I had an application developed for me where I pass search terms to TEXIS for retrieval. I would like to eliminate hits separated by punctuation. Is the following syntax correct and what effect does including the punctuation removal have on the performance versus only specifying character proximity?
Submitted search string with 30 character proximity: word1 word2 /[^\,] {30}
You've got the right idea. It's actually word word w/[^\,]{30} or word word w/[^\punct]{30} .
The performance cost of this is that each record containing the two words must be examined for the proximity. If this is a small number (ie <1000) it won't be noticeable, but if its large (ie >10000) it could slow you down a little.
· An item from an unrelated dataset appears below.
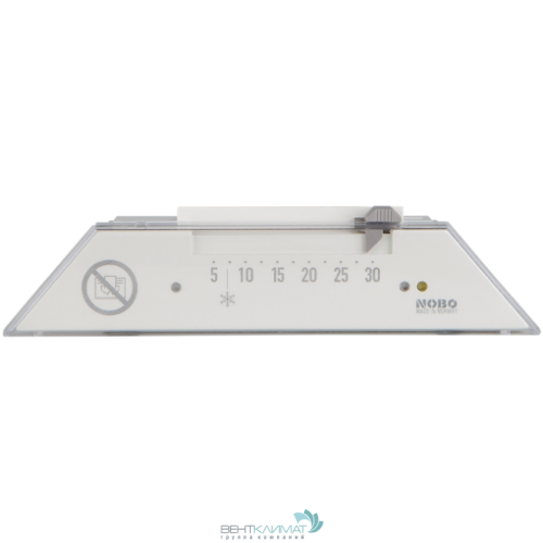 Термостат Nobo R80 XSC имеет бегунок для установки желаемой температуры, а также три индикатора (включения, нагрева и экономии электроэнергии).

Will it eliminate hits where the punctuation touches word 1 on the left or word 2 on the right, or only punctuation between word 1 and word 2? I only want it to eliminate hits where the two words are separated by the punctuation.
tsql "select id, mminfo ('house blend W/[^,]{,10}',body,0,1,0) from test"
The capitalized 'W' indicates that you want to include the delimiter in what is searched, and you want 0 to 10 non-comma characters, not exactly 10. What it was doing was looking for 10 characters that were not ',' in a row as the delimiter, and where you had ", house," that doesn't match, so it kept looking further.
If I correctly use the construct word1 word2 W/[^,]{,8} to eliminate hits where word1 and word2 are within 8 characters and separated by a comma, to also eliminate hits with botha comma and a period would I use
word1 word2 W/[^,.]{,8}? Does the punctuation order matter in [^,.] vs [^.,]?